Last month was one for the Wall Street history books — not only was it stocks’ worst December since the Great Depression, but it now appears to be a pivotal moment when investors really gave up on active management.
According to data from Morningstar out Thursday, actively managed mutual funds experienced outflows of nearly $143 billion in December, their worst month ever. The record exodus brought the yearly outflows to $301 billion, just shy of 2016’s $320 billion.
“December outflows spanned asset classes, with taxable-bond funds faring worst. [Active] large-growth and large-value funds continue to get hit the hardest, likely losing assets to passively managed, core large-blend funds,” Morningstar senior analyst Kevin McDevitt said in a note on Thursday.
Investors, at the same time, fled to cheaper passive strategies amid the brutal sell-off, as the higher expense of active management put extra pressure on their returns. Passive funds reeled in nearly $60 billion in December alone, according to Morningstar.
Among active strategies, bond funds bled the most in December with $44.3 billion outflows, the data showed.
“This is notable because taxable-bond funds had been a rare bright spot for active managers. But as investors pulled money in 2018’s fourth quarter, it came almost entirely from active taxable-bond offerings … while they were essentially flat for passive vehicles,” McDevitt said.

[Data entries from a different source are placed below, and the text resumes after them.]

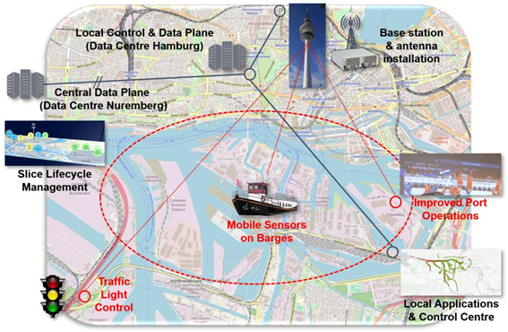 독일 함부르크항은 디지털 트윈 모형에 5G 무선통신 기술을 통합하였다. 함부르크항의 디지털 트윈 모형은 5G-MoNArch(5G Mobile Network Architecture) 프로젝트의 테스트베드로 활용되었다. 5G-MoNArch 프로젝트는 2017년부터 2019년까지 유럽위원회(European Commission)의 자금 지원으로 진행되었고, 유연하고 적응성이 높으며 프로그램 가능한 5G 아키텍처의 개발과 검증을 목적으로 하였다. 함부르크항에서 5G 무선통신 기술은 항만 내의 다양한 요구사항을 해결하기 위해 세 부분에 활용되었다. 첫 번째는 육상 연계영역의 차량 흐름을 개선하기 위해 신호등을 함부르크항 선박 교통관제 센터에 연결하도록 설계된 고신뢰성 저지연(ultra-reliable low latency) 통신이다. 두 번째는 항만 자산의 관리, 유지보수와 같은 항만 운영을 개선하기 위해 기술지원팀의 대화형 증강현실 서비스를 제공하는 향상된 모바일 광대역 통신이다. 세 번째는 해양 연계영역의 환경 측정을 위해 이동하는 바지선에 설치된 환경 센서를 함부르크 항만공사의 애플리케이션 클라우드에 연결하기 위해 개발된 대규모 컴퓨터(machine) 유형 통신이다.
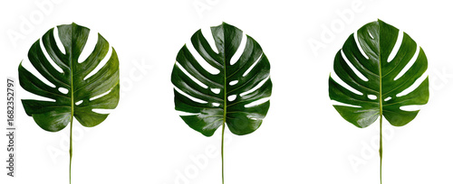 © Noriba, Naklejka premium Three deep green, ornate monstera leaves against a black background
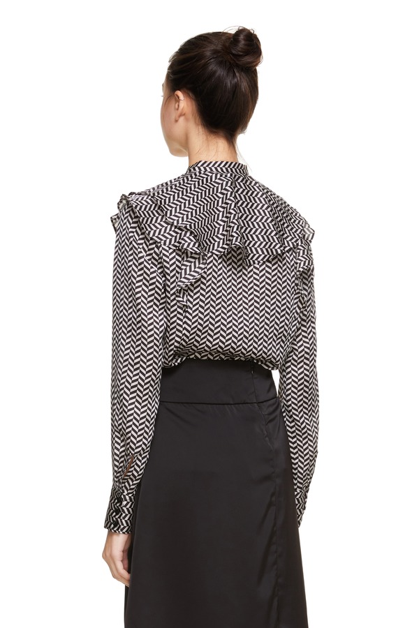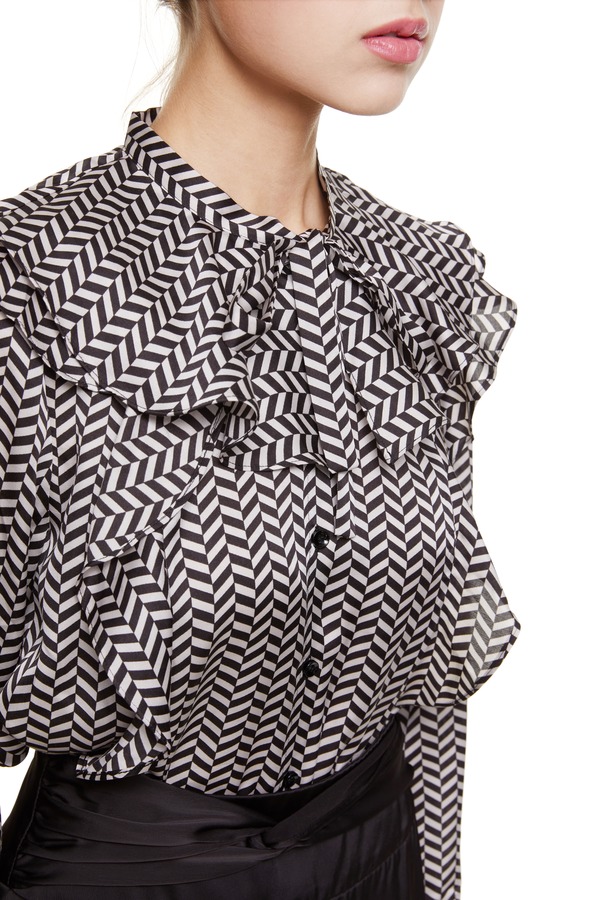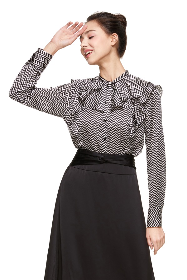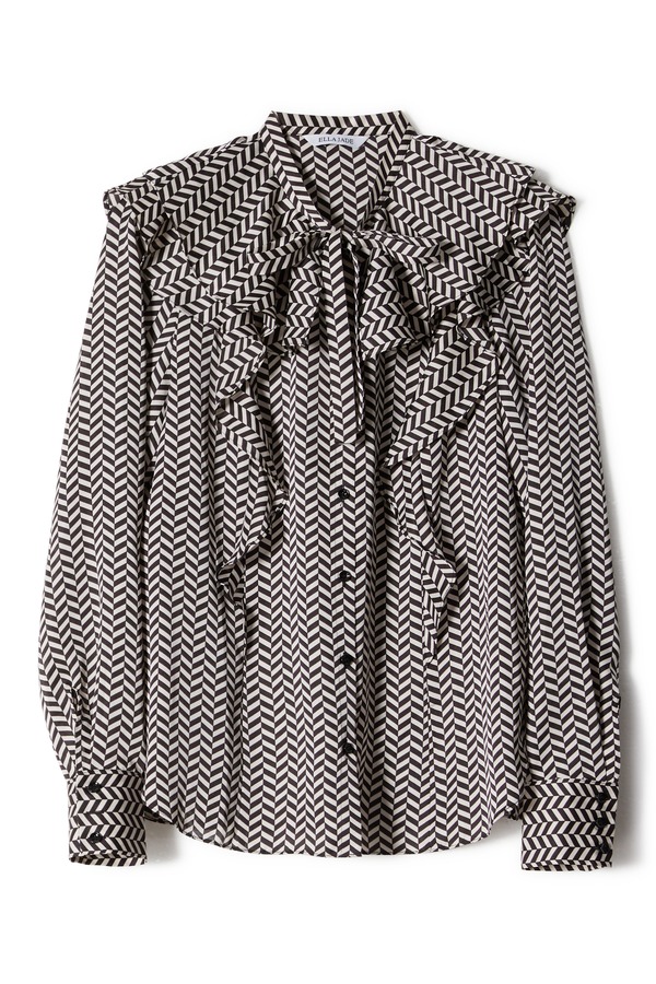 ELLA JADE 黑白人字纹荷叶边上衣 8837

Passive strategies continue to gain popularity as the market for index funds has reached $6 trillion, while the market for exchange-traded funds has ballooned to $3.6 trillion in assets.
The indexing industry on Wednesday lost one of its most prominent figures . Jack Bogle, founder of Vanguard Group and creator of the world’s first index mutual fund, the First Index Investment Trust, died at age 89.